### [Your objective]
Make an exact copy of all the data, pictures excluded.

### [Supplied information]
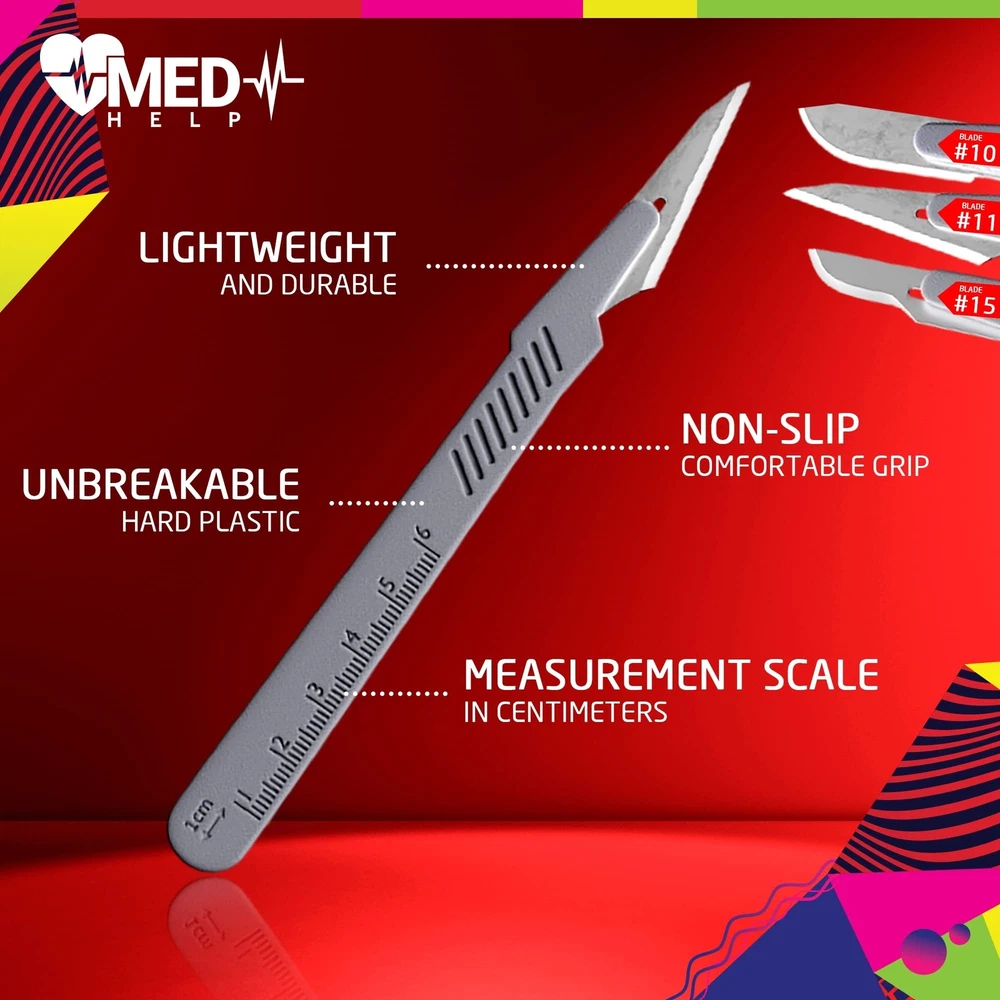 Dermaplaning Kit Professional - Dermaplane Blades for Esthetician, Disposable Surgical Scalpel Blades #10, #11, #15, Scalpel Handle 3, Scalpel Blade Remover Product Details Size: #10, #11, #15 Red Color: Pack of 10 Brand: MedHelp MPN: B79-MH41-DCK UPC: 742488180408 EAN: 0742488180408 Product Dimensions : 8 x 2.49 x 1.59 inches; 4.66 ounces Date First Available : September 1, 2022 Manufacturer : MedHelp PREMIUM DERMAPLANING CLEANING KIT - All the tools you need for a successful and professional dermaplaning session in one kit. The scalpel knife and blade remover allow for precise, easy and safe use of the disposable scalpel blades. INDIVIDUALLY WRAPPED & STERILE BLADES - Each scalpel blade is individually wrapped to ensure sterility and prevent accidental punctures. The sterilization by gamma radiation guarantees sterility as long as the foil is not broken. VARIETY OF BLADES INCLUDED - The kit includes sterilized carbon steel scalpel blades #10 Round (for dermaplaning) #11 and #15, sterilized carbon steel blades (for extractions), and mini scapels. BLADE REMOVER & CARRYING POUCH - The kit also includes a blade remover for safe removal of blades from the metal scalpel handle and a carrying pouch for easy storage and transportation of the tools. MULTIPURPOSE USE - The scalpel knife and blades in this kit can be used for a variety of purposes beyond dermaplaning, such as in arts and crafts, trimming, medical procedures, cyst removal, dissection, and more. Are you tired of buying all those scalpels and throw them away because they are no good?SEARCH NO MORE...Box of 20, sterile, high-end disposable scalpels 11 with Ultra Sharp Carbon-Steel blades Beautiful cosmetic tool for small aesthetic procedures or any DIY projects, scalpel dermatology, pimple acne blade medical, sergical cyst scalpel cloning obsidian lancing free dermaplanning blades sculpting or bread lame set Designed sturdy, durable, safe and easy to use. Each of our disposable scalpels has a Carbon-Steel blade, which allows every one to use it for all kind of cuts; they are even REUSABLE, thanks to the protective cap they come with. Combined with the plastic handle that makes for an easy grip, you can enjoy precision control in every move. 11 Scalpels That are Perfect For: ✅ Facial Dermaplanning / Easy surgical procedures ✅ Podiatry ✅ Pedicure ✅ Dead skin/Calluses ✅ Pimple/ Blackhead removal ✅ Arts and Crafts ✅ Clay Modeling ✅ Carving/ Wood Carving ✅ Dissecting ✅ Fabric / vinyl / plastic cut MedHelp means Quality ! We hold the highest possible standards when it comes to our products, and our disposable scalpels are no exception to that rule. We are more than happy to share with you that passion for quality, in unbeatable prices. So Click “Add To Cart” Today & Grab Your Own Pack of 10 11 MedHelp Disposable Scalpels!LOOKS MATTER. A LOT. REMEMBER THIS: If you will use it once, you will want to use it always!
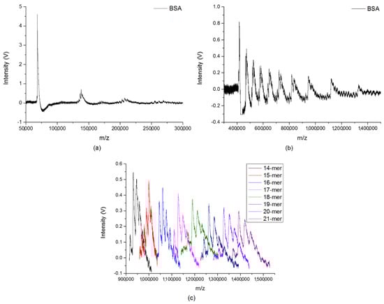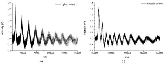 A broad mass range from 10 kDa to 1500 kDa has been demonstrated by our instrument. The mass spectra in the low-mass region were first measured to completely cover the small cluster distributions of cytochrome c and BSA, as shown in Figure 4a and Figure 5a, respectively. Figure 4b shows cytochrome c clusters from 150 kDa to 350 kDa after mass calibration. The helium pressure inside the ion trap was maintained at 50 mTorr in order to increase the trapping efficiency. The spectrum was obtained with the accumulation of ions for 100 laser shots, and the data were collected with a scan rate of 5 × 105 Hz/s. The asymmetric shapes of the clusters’ peaks observed in the figure are due to the electronic characteristic of our charge detector. For a single peak, the left side to the pulse height of the peak is the charge collection time and the other side is the discharge time, and the discharge time is much longer than the charge collection time. When detecting very heavy biomolecular ions, a small number of ions may reach the charge detector during the discharging period, as their flight time is longer than the charge collection time. This phenomenon may lead to the skewness at the back side of the peaks, and reduce the mass resolution in the high-mass region. Nevertheless, it is unlikely to affect the mass calibration, because the number of involved ions is small. The clusters’ peaks of cytochrome c, shown in the figure, can be clearly seen in the mass range up to 350 kDa. This observation confirmed the existence of large clusters of cytochrome c during the MALDI process.
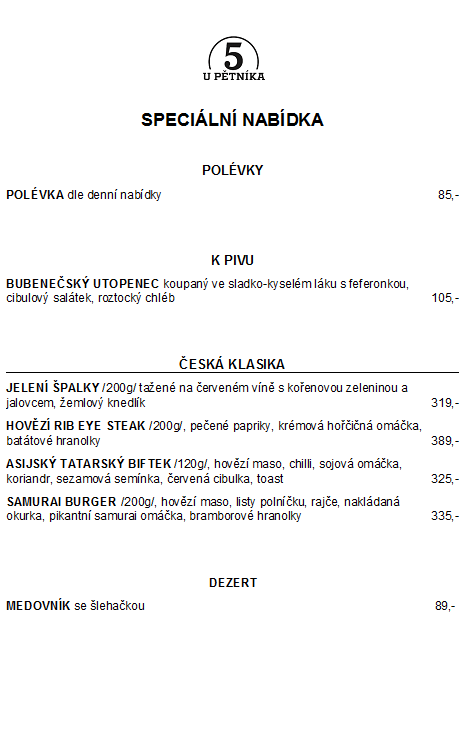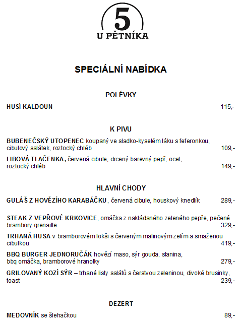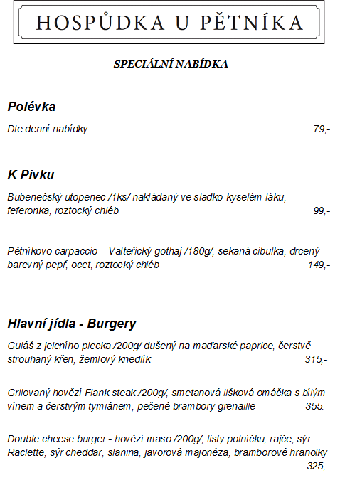 Vítáme Vás na webových stránkách restaurace U Pětníka.

### [Solution]
 Dermaplaning Kit Professional - Dermaplane Blades for Esthetician, Disposable Surgical Scalpel Blades #10, #11, #15, Scalpel Handle 3, Scalpel Blade Remover Product Details Size: #10, #11, #15 Red Color: Pack of 10 Brand: MedHelp MPN: B79-MH41-DCK UPC: 742488180408 EAN: 0742488180408 Product Dimensions : 8 x 2.49 x 1.59 inches; 4.66 ounces Date First Available : September 1, 2022 Manufacturer : MedHelp PREMIUM DERMAPLANING CLEANING KIT - All the tools you need for a successful and professional dermaplaning session in one kit. The scalpel knife and blade remover allow for precise, easy and safe use of the disposable scalpel blades. INDIVIDUALLY WRAPPED & STERILE BLADES - Each scalpel blade is individually wrapped to ensure sterility and prevent accidental punctures. The sterilization by gamma radiation guarantees sterility as long as the foil is not broken. VARIETY OF BLADES INCLUDED - The kit includes sterilized carbon steel scalpel blades #10 Round (for dermaplaning) #11 and #15, sterilized carbon steel blades (for extractions), and mini scapels. BLADE REMOVER & CARRYING POUCH - The kit also includes a blade remover for safe removal of blades from the metal scalpel handle and a carrying pouch for easy storage and transportation of the tools. MULTIPURPOSE USE - The scalpel knife and blades in this kit can be used for a variety of purposes beyond dermaplaning, such as in arts and crafts, trimming, medical procedures, cyst removal, dissection, and more. Are you tired of buying all those scalpels and throw them away because they are no good?SEARCH NO MORE...Box of 20, sterile, high-end disposable scalpels 11 with Ultra Sharp Carbon-Steel blades Beautiful cosmetic tool for small aesthetic procedures or any DIY projects, scalpel dermatology, pimple acne blade medical, sergical cyst scalpel cloning obsidian lancing free dermaplanning blades sculpting or bread lame set Designed sturdy, durable, safe and easy to use. Each of our disposable scalpels has a Carbon-Steel blade, which allows every one to use it for all kind of cuts; they are even REUSABLE, thanks to the protective cap they come with. Combined with the plastic handle that makes for an easy grip, you can enjoy precision control in every move. 11 Scalpels That are Perfect For: ✅ Facial Dermaplanning / Easy surgical procedures ✅ Podiatry ✅ Pedicure ✅ Dead skin/Calluses ✅ Pimple/ Blackhead removal ✅ Arts and Crafts ✅ Clay Modeling ✅ Carving/ Wood Carving ✅ Dissecting ✅ Fabric / vinyl / plastic cut MedHelp means Quality ! We hold the highest possible standards when it comes to our products, and our disposable scalpels are no exception to that rule. We are more than happy to share with you that passion for quality, in unbeatable prices. So Click “Add To Cart” Today & Grab Your Own Pack of 10 11 MedHelp Disposable Scalpels!LOOKS MATTER. A LOT. REMEMBER THIS: If you will use it once, you will want to use it always!
 A broad mass range from 10 kDa to 1500 kDa has been demonstrated by our instrument. The mass spectra in the low-mass region were first measured to completely cover the small cluster distributions of cytochrome c and BSA, as shown in Figure 4a and Figure 5a, respectively. Figure 4b shows cytochrome c clusters from 150 kDa to 350 kDa after mass calibration. The helium pressure inside the ion trap was maintained at 50 mTorr in order to increase the trapping efficiency. The spectrum was obtained with the accumulation of ions for 100 laser shots, and the data were collected with a scan rate of 5 × 105 Hz/s. The asymmetric shapes of the clusters’ peaks observed in the figure are due to the electronic characteristic of our charge detector. For a single peak, the left side to the pulse height of the peak is the charge collection time and the other side is the discharge time, and the discharge time is much longer than the charge collection time. When detecting very heavy biomolecular ions, a small number of ions may reach the charge detector during the discharging period, as their flight time is longer than the charge collection time. This phenomenon may lead to the skewness at the back side of the peaks, and reduce the mass resolution in the high-mass region. Nevertheless, it is unlikely to affect the mass calibration, because the number of involved ions is small. The clusters’ peaks of cytochrome c, shown in the figure, can be clearly seen in the mass range up to 350 kDa. This observation confirmed the existence of large clusters of cytochrome c during the MALDI process.
 Vítáme Vás na webových stránkách restaurace U Pětníka.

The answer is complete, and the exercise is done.